In real-world OLAP scenarios, some data tables possess the following characteristics:

  • The data volume is relatively small, such as department information tables or business code tables.
  • Data changes infrequently.
  • These tables are often joined with larger tables (e.g., order tables).

For tables with these characteristics, Klustron allows users to define them as Mirror tables (mirror images) to optimize query performance. Klustron ensures that a copy of each Mirror table in the cluster is present on every storage node.

When performing insert, update, or delete operations on Mirror tables, Klustron's compute nodes automatically execute the corresponding operations on every storage node's data within the same global transaction, thus maintaining ACID properties.

However, if a table is frequently updated, updating copies of this mirror table on all shards within a distributed transaction could severely degrade performance, making it unsuitable as a mirror table. This is a general guideline; users may decide based on these considerations.

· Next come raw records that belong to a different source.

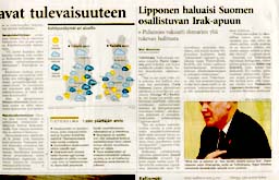 Lipponen haluaisi Suomen osallistuvan Irak-apuun. Helsingin Sanomat keskiviikkona 11.06.2003. |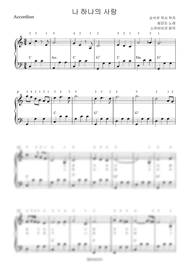 송민도 - 나 하나의 사랑 (아코디언악보, 난이도 중급, 손가락번호) by 스카이아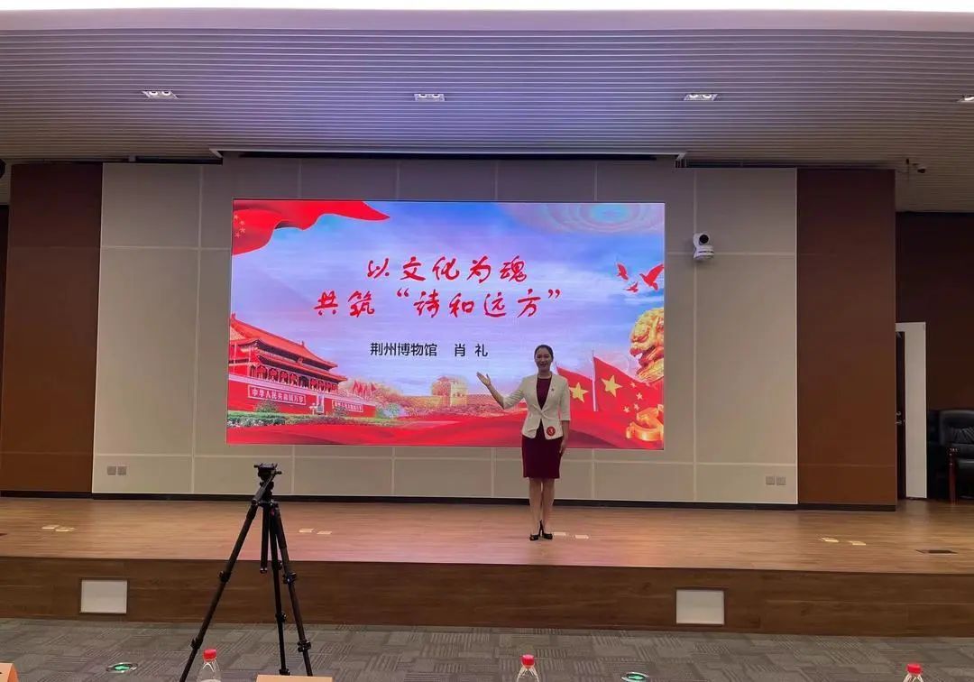 決賽于11月7日上午舉行,荊州博物館講解員肖禮進行了題目為《以文化為魂,共筑“詩和遠方”》的演講,演講內(nèi)容將黨的二十大精神和宣教工作相結(jié)合,歌頌了中國共產(chǎn)黨的創(chuàng)造精神、奮斗精神、初心精神、奉獻精神等,講述了新時代的文博工作者做好“文化傳承者”“講好中國故事,傳播好中國聲音”的決心和付出的努力,講出了文博人的心聲,最終榮獲“二等獎”的好成績。荊州博物館講解員代依佩、舒嘯、沈雪情榮獲三等獎。

When a new Storage Shard is added, Klustron automatically replicates all Mirror tables in the system to the new shard. During this replication process, these Mirror tables remain readable and writable, although adding new Mirror tables will be blocked until the replication completes.

Joins between Mirror tables and sharded large tables can always be pushed down to the storage nodes for execution, ensuring that these joins are performed in parallel by multiple storage for enhanced performance.

In OLAP applications, dimension tables typically fit the characteristics of Mirror tables and are suitable to be defined as such. In a star schema query in OLAP, the join between multiple Mirror tables and a fact table is effectively run in parallel across multiple storage nodes because the fact table is sharded across these nodes.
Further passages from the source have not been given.